Listen im not trying to knock the n30 here, and im not going to argue the stock SLA battery in the stanley is as good as the n30 battery, but field swappable batteries are great as long as you can carry enough, but if you cant charge them up in the field(car atv whatever...) your time is still limited...

id say its a tradeoff.....but upon further review the stanley has many more options...


----------



## Apollo Cree (Jan 31, 2010)

Don't forget, you can buy 2 1/2 of the Stanley lights for the price of one N30. Or 2/3 of a Stanley for the price of one N30 battery pack. 

That doesn't mean the N30 isn't better, but ask yourself if you get enough extra value out of it for the price. 

Or buy one Stanley HID and 1 of the small Stanley 5W 200 lumen LED lights, and one of the Coleman 500 Lumen LED lights.


----------



## MattK (Feb 1, 2010)

Well since the Stanley has less then 1/2 the runtime than the N30 I can see this being more of an issue for it. 
Remember one N30 has 2 x the runtime of Stanleys out of the box so an extra N30 battery means 4 x the runtime so it's still not apples and oranges.

The latest revision of the N30 uses high frequency linear charging which means it can now use the 12V charger originally developed for the L35. 
Until now you would have needed a $20 inverter to charge the N30 from a car. That's not exactly a major impediment to field chargeability (certainless less than sporting a custom LiPo pack and charger) and again, with 2 X the runtime you're only 1/2 as likely to NEED to field charge or swap the battery. 

Most people aren't going to be sporting a 14.8V 4Ah LiPo pack with correct plugs and a charger system.


----------



## Joe_Atlanta (Feb 1, 2010)

Seems like y'all are arguing apples and oranges. One is is an affordable "pro" type solution, the other an emergency light you use until the professionals get there. 

For me, I like to have the best tools I can afford. I get a lot of satisfaction from that, just plain pride of ownership. Others may get just as much satisfaction from building their own.


----------



## liteitup (Feb 1, 2010)

But can you run the light from that l35 charger when your primary and backups die? The initial runtime is the only time that 1/2 runtime will come into effect. When you introduce backup batteries into the mix its a moot point. 

Now why do you say most people arnt going to be sporting backups for the stanley?
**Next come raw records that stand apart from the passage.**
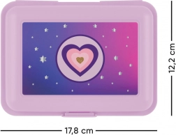Zoek je een praktische én stijlvolle manier om de snacks van je kinderen vers en veilig afgesloten te houden? Onze broodtrommel met paarden- en hartjesmotief is precies wat je nodig hebt. Met afmetingen van 17,8 cm in lengte en 12,2 cm in breedte biedt hij voldoende ruimte voor alle favoriete lekkernijen. Voorzien van een scheidingsschot, zodat je verschillende etenswaren apart kunt bewaren.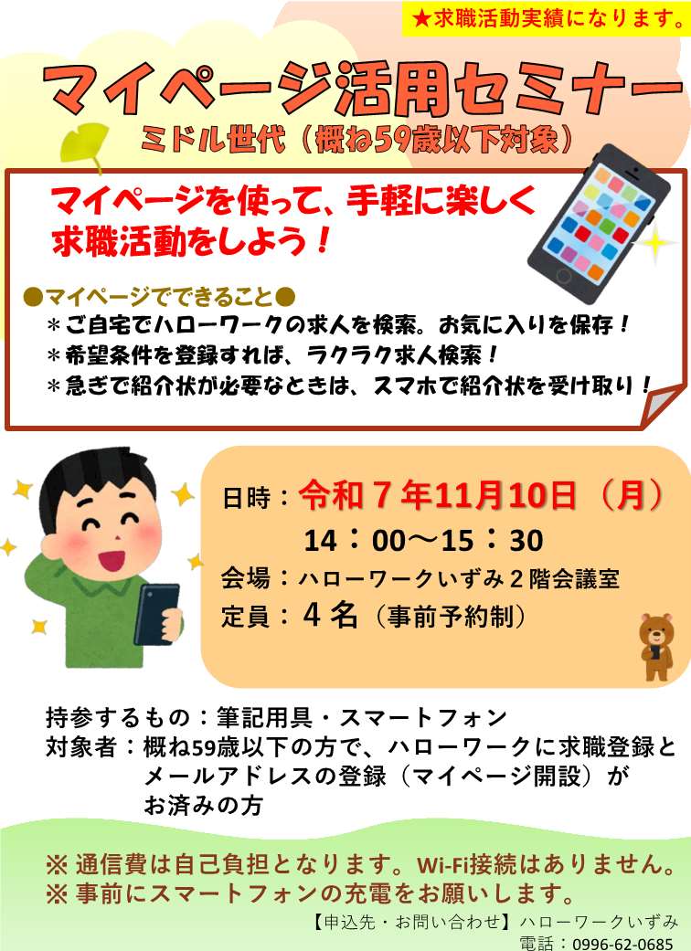 11月10日(月)に求職者向け「マイページ活用セミナー」を開催します。NEW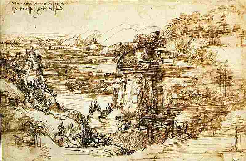 Пейзаж. 1473. Бумага, тушь, перо. Галерея Уффици, Флоренция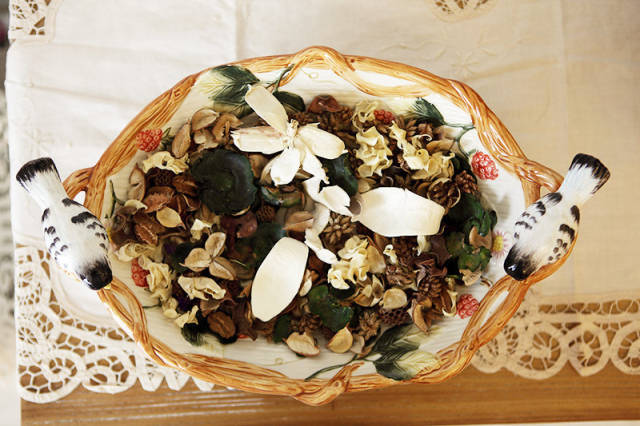 小鸟花盘,放这些干花,一是使房间充满田园花香,二是田园摆设的小物件,增加田园意境。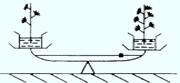 26. 天平的两端托盘上的烧杯内各插有一根树枝,且两根树枝的树叶一多一少,开始时天平两边平衡。(见右图)现将此装置移至阳光下照射,经过一段时间,天平 边将会下降,主要原因是------------------------( )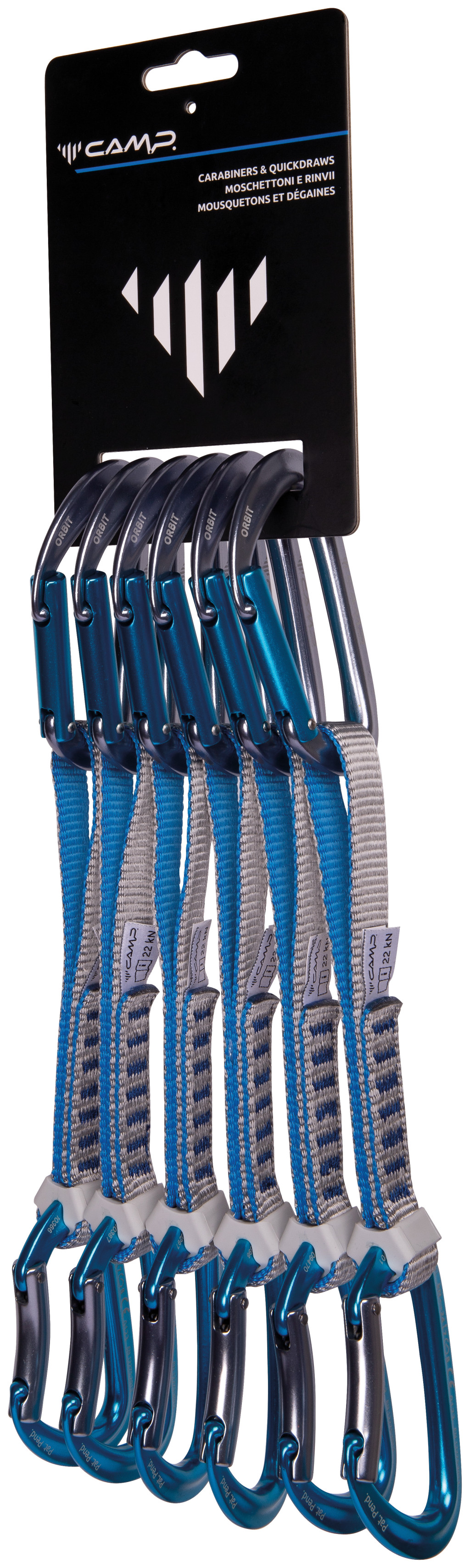Az Orbit karabiner egy masszív igásló a mindennapi mászáshoz, nagy tartóssággal, sima csattanással, könnyű konstrukcióval és a SphereLock zárral, amely a hagyományos kulcsos zárrendszer továbbfejlesztése még letisztultabb orrprofillal. A 16 mm-es nejlon kutyaszárak kötélvégén Karstop Evo karabinerrögzítő található. 12 és 18 cm-es hosszúságban kapható.
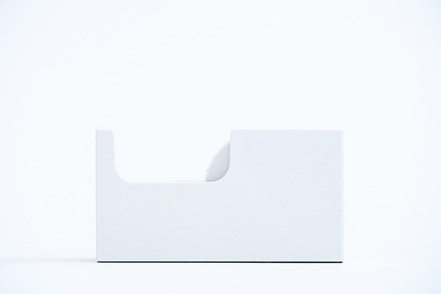 The tape dispenser has enough weight and compact size to prevent the main body from moving while cutting the tape with one hand. This is achieved by adding cement to both the main body and the reel. Additionally, all the parts were made into a case-like shape, giving the dispenser a simple appearance.

If someone needs the extra runtime they sure would. Weather it be 18650 backups lipos whatever, the option is there and you can do more then double the 3600 mah for 80 bucks. i cant see people walking around paying 80 bucks for a 3600mah battery but im sure they do... 
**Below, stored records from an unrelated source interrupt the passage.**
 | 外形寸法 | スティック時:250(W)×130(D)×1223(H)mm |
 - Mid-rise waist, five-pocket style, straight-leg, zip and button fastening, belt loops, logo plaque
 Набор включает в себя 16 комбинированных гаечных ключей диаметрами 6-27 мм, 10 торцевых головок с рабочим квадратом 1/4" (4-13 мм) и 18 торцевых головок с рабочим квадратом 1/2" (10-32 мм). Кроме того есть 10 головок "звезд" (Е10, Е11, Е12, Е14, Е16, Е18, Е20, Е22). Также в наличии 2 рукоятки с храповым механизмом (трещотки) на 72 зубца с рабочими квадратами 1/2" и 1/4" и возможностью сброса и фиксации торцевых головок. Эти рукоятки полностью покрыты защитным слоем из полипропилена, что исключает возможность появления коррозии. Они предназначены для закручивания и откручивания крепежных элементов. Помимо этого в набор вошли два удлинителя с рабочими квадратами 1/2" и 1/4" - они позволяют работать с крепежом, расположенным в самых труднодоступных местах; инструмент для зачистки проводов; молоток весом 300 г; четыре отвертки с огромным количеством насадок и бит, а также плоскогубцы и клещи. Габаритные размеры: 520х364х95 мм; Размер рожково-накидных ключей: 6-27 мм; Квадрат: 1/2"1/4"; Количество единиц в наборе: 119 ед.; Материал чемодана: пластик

i just cant see how you wouldnt consider these different options a tradeoff.


----------



## MattK (Feb 1, 2010)

Joe_Atlanta said:


> Seems like y'all are arguing apples and oranges. One is is an affordable "pro" type solution, the other an emergency light you use until the professionals get there.
> 
> For me, I like to have the best tools I can afford. I get a lot of satisfaction from that, just plain pride of ownership. Others may get just as much satisfaction from building their own.



Well stated.



liteitup said:


> But can you run the light from that l35 charger when your primary and backups die? The initial runtime is the only time that 1/2 runtime will come into effect. When you introduce backup batteries into the mix its a moot point.
> 
> Now why do you say most people arnt going to be sporting backups for the stanley? If someone needs the extra runtime they sure would. Weather it be 18650 backups lipos whatever, the option is there and you can do more then double the 3600 mah for 80 bucks. i cant see people walking around paying 80 bucks for a 3600mah battery but im sure they do...
> 
> i just cant see how you wouldnt consider these different options a tradeoff.



No, a constant run adaptor will be a seperate accessory - and of course you can have spare batteries charged and waiting. Swap out packs, throw the dead pack on the charger and you're all set.

Most people, and here I mean everyone but a few hobbyists (from CPF), are not going to be carrying some lithium or SLA 'backup' for a Stanley. That is a viable and appealing solutuion for a handful of hobbyists only. 

A professional will happily buy another battery pack that can be field switched and be glad that it's an option.


----------



## liteitup (Feb 1, 2010)

MattK said:


> Well stated.
> 
> 
> 
> ...


a backup is a backup... you can carry one for one light but not for another? ok


----------